Resi prices steady in Q1
The ABS Residential Property Price Indexes figures for the March 2016 quarter showed the total value of dwelling stock inching up to a grand total of $5,993,992,000 or $5.99 trillion, which is 3.6 times the size of Australia’s GDP (*golf claps*).
Since Q3 2011, defying alarmist predictions of a 40 per cent correction, the total value of dwelling stock has increased by more than $1.5 trillion, with the aggregate gains driven by New South Wales ($709 billion), Victoria ($387 billion), and Queensland ($141 billion).
At the national level, attached dwellings have under-performed – although not so much in Sydney where affordability issues are at their most acute – largely due to an emerging oversupply of new high rise apartments in some areas.
The national result showed capital city prices slightly down by -0.2 per cent in the first quarter of 2016, although these figures pre-date any impact from the latest interest rate cut, with prices now on the rise again in many parts.

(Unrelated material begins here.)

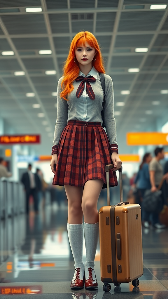 A stunning artwork depicting a vibrant-haired woman with a striking orange hue, donned in an elegantly crafted magical school uniform. Her ensemble includes a classic schoolgirl skirt and high socks, exuding a sense of both tradition and fantasy. She stands confidently, holding a stylish suitcase as if ready to embark on an extraordinary journey. The scene is set in a bustling airport interior, capturing the atmosphere of anticipation. The composition draws inspiration from the rich storytelling of Harriet Powers, merging it with a hyperrealistic digital art style that captures every nuanced detail. The piece is reminiscent of a promotional still from a live-action film, blending realism with a touch of the mythical, making it a piece trending on CG Society, celebrated for its innovation and emotional depth.

Over the year to March 2016 the best performing markets were Sydney (+9.7 per cent), Melbourne (+9.8 per cent), Canberra (+4.6 per cent), Hobart (+4.2 per cent). and Brisbane (+4.1 per cent).

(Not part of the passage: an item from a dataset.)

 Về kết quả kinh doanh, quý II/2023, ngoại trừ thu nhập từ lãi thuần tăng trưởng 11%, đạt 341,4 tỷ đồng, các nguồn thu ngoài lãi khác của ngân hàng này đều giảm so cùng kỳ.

However, prices were down year-on-year in Perth (-4.5 per cent) and Darwin (-4.7 per cent).
Sydney, Perth, Darwin, and Canberra all saw their price indexes decline in the first quarter.

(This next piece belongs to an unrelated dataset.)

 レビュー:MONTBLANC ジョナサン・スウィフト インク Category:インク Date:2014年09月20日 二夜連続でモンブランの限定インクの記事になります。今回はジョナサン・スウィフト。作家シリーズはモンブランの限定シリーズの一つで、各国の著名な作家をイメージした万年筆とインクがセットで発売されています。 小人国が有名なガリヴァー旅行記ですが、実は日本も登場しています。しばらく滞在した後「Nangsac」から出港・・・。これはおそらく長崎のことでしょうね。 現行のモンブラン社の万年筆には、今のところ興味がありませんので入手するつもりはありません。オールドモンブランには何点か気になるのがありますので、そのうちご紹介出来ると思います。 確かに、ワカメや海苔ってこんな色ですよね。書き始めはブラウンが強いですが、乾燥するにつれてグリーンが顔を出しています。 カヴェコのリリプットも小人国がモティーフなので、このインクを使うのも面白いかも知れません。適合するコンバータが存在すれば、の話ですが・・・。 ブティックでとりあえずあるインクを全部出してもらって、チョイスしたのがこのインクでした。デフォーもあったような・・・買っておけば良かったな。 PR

In Sydney’s case the inner suburbs are still performing strongly – very strongly in many cases, with some massive results being recorded – but secondary locations have come off quite a bit since the third quarter of 2015.
Brisbane clung on to its “Mr. Consistent” tagline, notching up its 15th consecutive quarterly gain – prices in Brisbane are up by a steady 22.4 per cent since the financial crisis.
House price analysis often suffers from the cherry picking of start dates – I’ve done it myself in teh chart above – and you can pretty much make the data say almost whatever you want.
For example, by cherry-picking a start date of 2003, I can show Sydney as having been a relative “under-performer” to Melbourne, Perth, and Darwin.
Whereas in reality the median 1995 house price in Sydney was well under $200,000.
It’s about $1 million today.
I’m not sure what you should infer from that.
Basically, unless you are a great market timer – which most people aren’t – capital city buy and hold investment has been an outstanding bet over the long run.
To beat the material transaction costs, market timers would need to have bought and sold well in order to outperform.
The data above does show quite neatly how the resources capitals have cooled off in sympathy with the end of the mining investment boom.
No mean feats
Mean dwelling price growth has generally eased since APRA’s tightening measures, although average prices are still materially higher year-on-year in Sydney (+54,500), Melbourne (+$48,000), Brisbane (+$17,300), Adelaide (+$16,300), and the ACT (+$24,600).
Dwelling stock expands
Finally for today, the ABS also provides some useful figures on the estimated number of dwellings in each state.
The total number of dwellings increased by an estimated 39,000 in the first quarter to 9,661,500, to be 171,700 or 1.8 per cent higher over the year to March.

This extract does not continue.